[RECORD EXTRACTS — start]

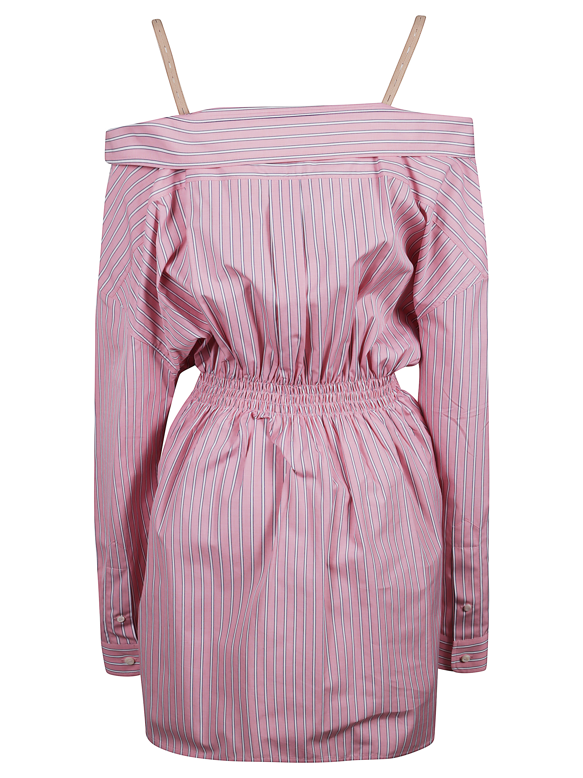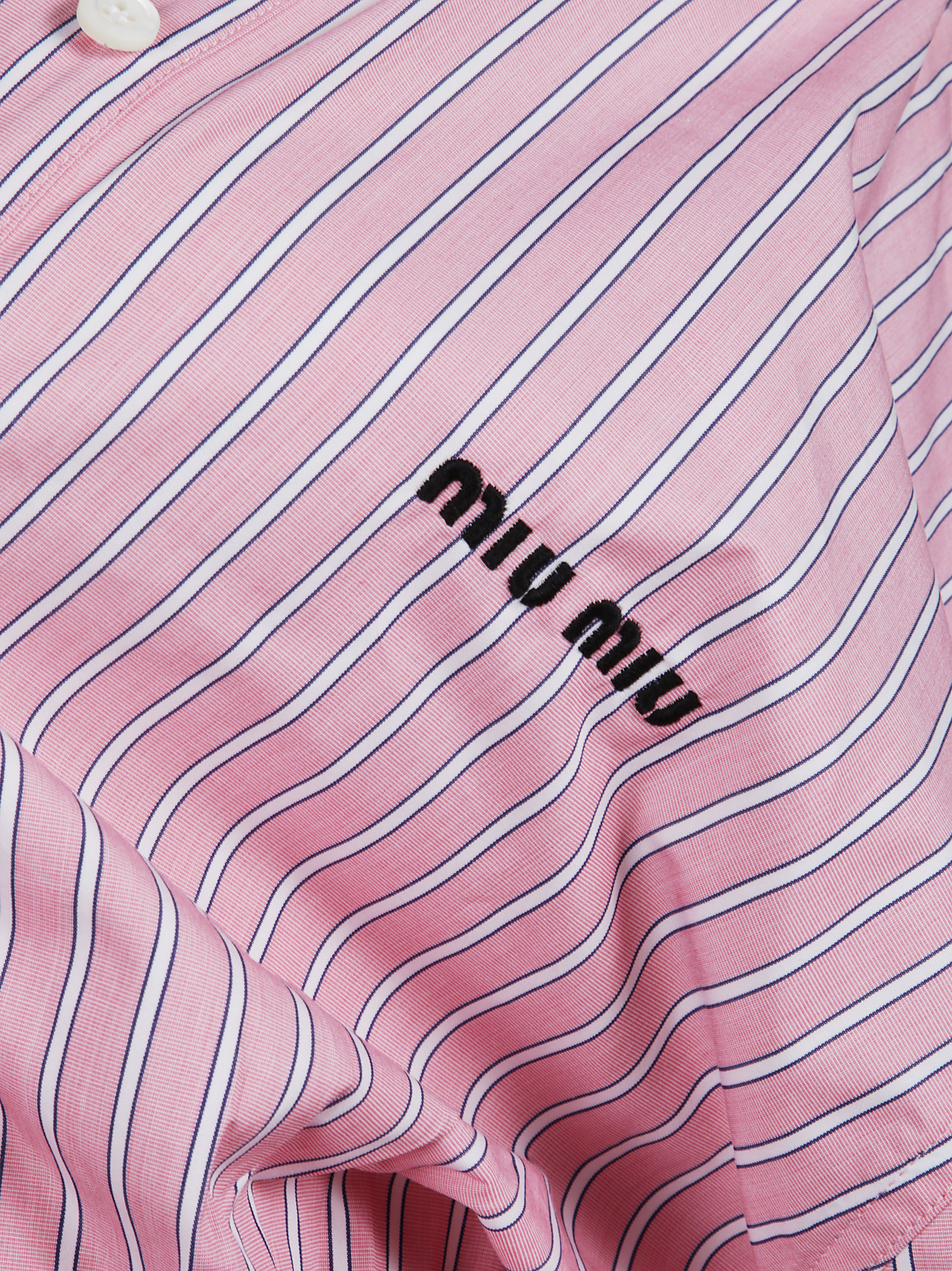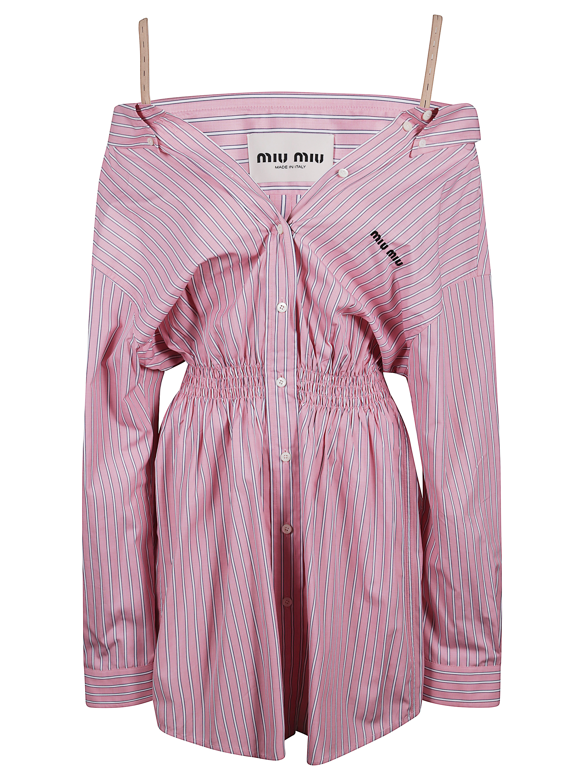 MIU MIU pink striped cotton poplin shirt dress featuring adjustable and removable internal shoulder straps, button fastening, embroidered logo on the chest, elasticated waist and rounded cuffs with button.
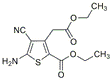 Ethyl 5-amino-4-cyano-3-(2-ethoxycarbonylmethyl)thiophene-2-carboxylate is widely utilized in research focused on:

[RECORD EXTRACTS — finish]
[RECORD EXTRACTS — start]

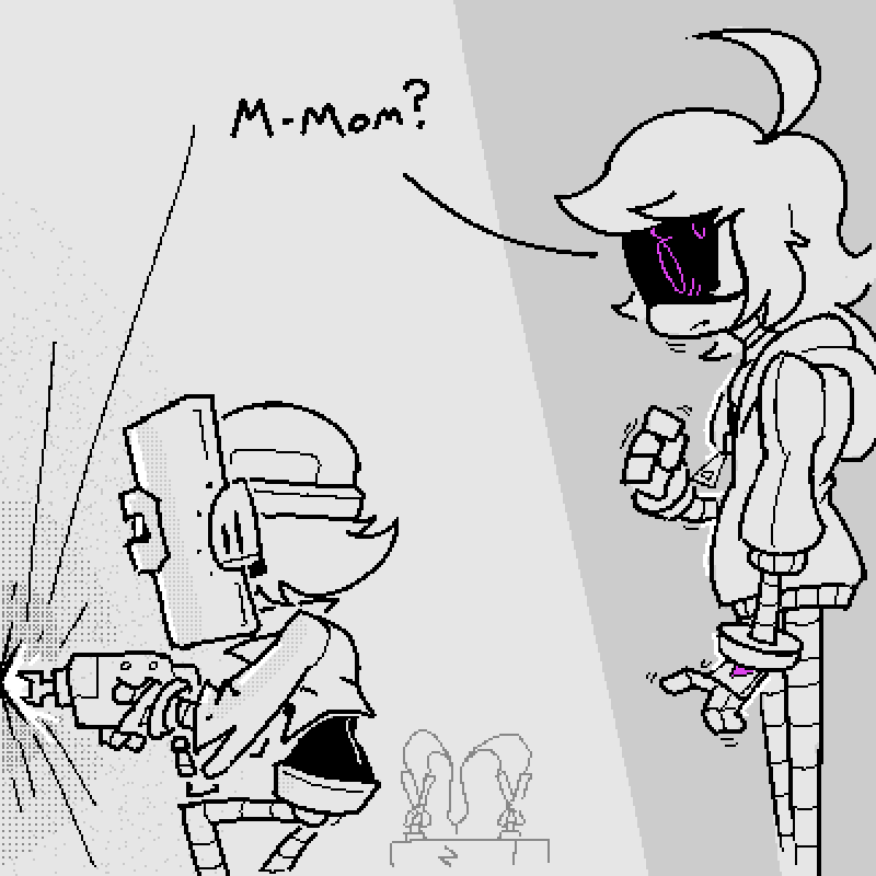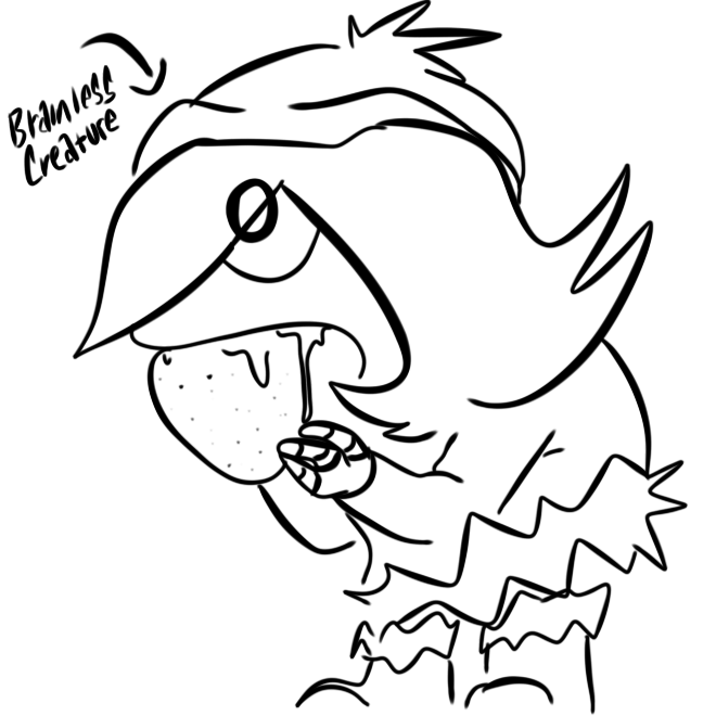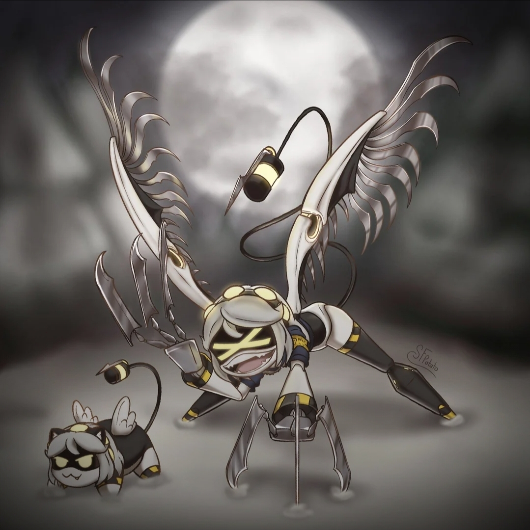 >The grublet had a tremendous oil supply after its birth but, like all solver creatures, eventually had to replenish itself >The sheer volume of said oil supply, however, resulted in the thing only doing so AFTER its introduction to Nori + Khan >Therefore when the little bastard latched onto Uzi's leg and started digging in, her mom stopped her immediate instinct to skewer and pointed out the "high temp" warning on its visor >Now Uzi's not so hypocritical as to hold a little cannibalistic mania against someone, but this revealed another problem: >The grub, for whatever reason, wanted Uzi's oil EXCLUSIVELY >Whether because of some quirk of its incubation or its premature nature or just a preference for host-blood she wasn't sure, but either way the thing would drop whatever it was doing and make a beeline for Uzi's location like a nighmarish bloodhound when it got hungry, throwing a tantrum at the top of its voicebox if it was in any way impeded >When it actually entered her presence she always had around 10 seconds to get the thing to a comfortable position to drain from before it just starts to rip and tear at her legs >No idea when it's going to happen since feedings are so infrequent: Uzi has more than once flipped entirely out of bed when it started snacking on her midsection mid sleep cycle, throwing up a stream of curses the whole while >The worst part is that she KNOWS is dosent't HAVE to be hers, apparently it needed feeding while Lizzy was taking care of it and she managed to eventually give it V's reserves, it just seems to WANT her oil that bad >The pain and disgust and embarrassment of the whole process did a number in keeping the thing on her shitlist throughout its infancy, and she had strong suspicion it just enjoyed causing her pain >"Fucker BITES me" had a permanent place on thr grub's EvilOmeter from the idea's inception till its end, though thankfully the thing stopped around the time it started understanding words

[RECORD EXTRACTS — finish]

### EXERCISE AIM
Reproduce word for word, with pictures dropped, only the part of the material above that opens with the line containing "MIU MIU pink" and closes with the line containing "is widely utilized".

### FINAL ANSWER
 MIU MIU pink striped cotton poplin shirt dress featuring adjustable and removable internal shoulder straps, button fastening, embroidered logo on the chest, elasticated waist and rounded cuffs with button.
 Ethyl 5-amino-4-cyano-3-(2-ethoxycarbonylmethyl)thiophene-2-carboxylate is widely utilized in research focused on:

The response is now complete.